Gentoo Websites Logo
Go to: Gentoo Home Documentation Forums Lists Bugs Planet Store Wiki Get Gentoo!
Bug 398465 - request for repositories.xml server log data
Summary: request for repositories.xml server log data
Status: RESOLVED FIXED
Alias: None
Product: Gentoo Infrastructure
Classification: Unclassified
Component: Other (show other bugs)
Hardware: All Linux
: Normal normal (vote)
Assignee: Gentoo Infrastructure
URL:
Whiteboard:
Keywords:
Depends on:
Blocks:
 
Reported: 2012-01-11 03:19 UTC by Brian Dolbec
Modified: 2012-01-11 07:42 UTC (History)
0 users

See Also:
Package list:
Runtime testing required: ---


Attachments

Note You need to log in before you can comment on or make changes to this bug.
Description Brian Dolbec (RETIRED) gentoo-dev 2012-01-11 03:19:22 UTC
In the layman-2.0 api changes I made.  I added 'If-Modified-Since' &
'User-Agent'  headers to the http request sent to the gentoo server.
The url is:
 http://www.gentoo.org/proj/en/overlays/repositories.xml

I would very much like to get some log data to see how many of the
requests made were from layman-2.* and how many times the
'If-Modified-Since' header saved bandwidth by returning the 304
HTTPError. 

 For reference, the layman versions prior to 2.0* did not
send any header data with the request.

My intent is to get an idea of percentage of requests using the testing
_rc*/-9999 versions as compared to the total as well as the general
bandwidth savings that my changes are bringing about for the 2.0*
requests.  I also wouldn't mind knowing how many requests are made in total for a given time period.

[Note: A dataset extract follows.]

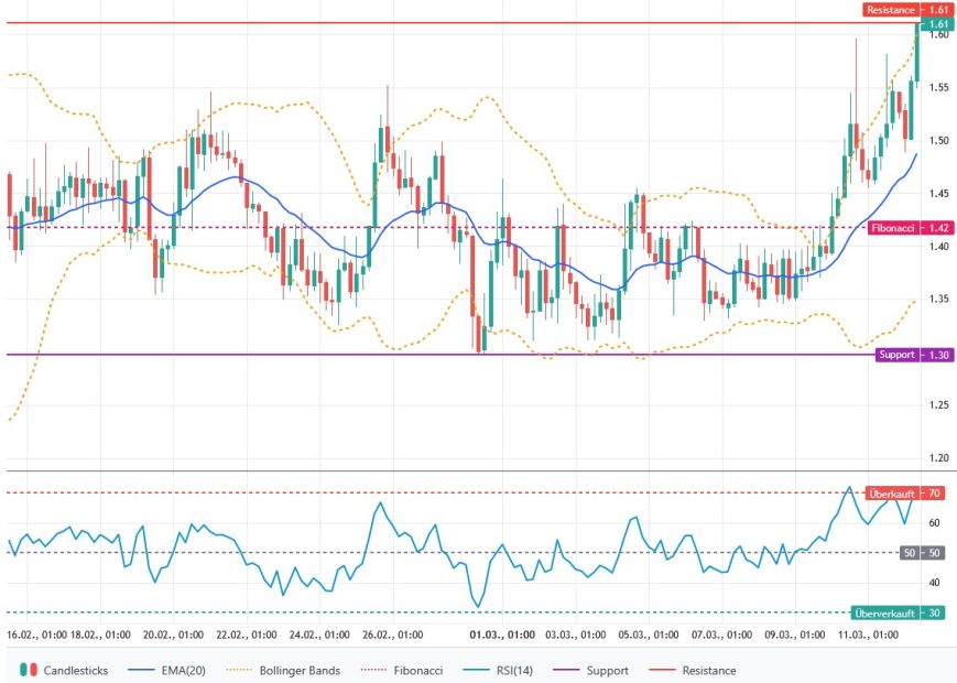 Der Kurs notiert deutlich oberhalb des EMA-20, der derzeit bei 1,48763 US-Dollar verläuft. Auch die Abfolge höherer Hochs und höherer Tiefs in den vergangenen drei Kerzen spricht für kurzfristige Stärke. Unmittelbare Unterstützungen liegen bei 1,556 US-Dollar sowie am EMA-20 bei 1,48763 US-Dollar. Ein direkter Widerstand befindet sich bei 1,611 US-Dollar. Solange der Kurs oberhalb des EMA-20 bleibt, ist das kurzfristige Bild bullish.

For reference, the first rc release in the tree was:

*layman-2.0.0_rc1-r1 (17 Jul 2011)

with -9999 having started a little before that.

Would it be possible to get log data (or results) starting from July, 2011 to end of Dec. 2011.  I don't know what is convenient or easily doable, please use your judgement.  If just December 2011 due to large volumes of data, that would be fine too.  It will give me an idea of how my changes are working/helping.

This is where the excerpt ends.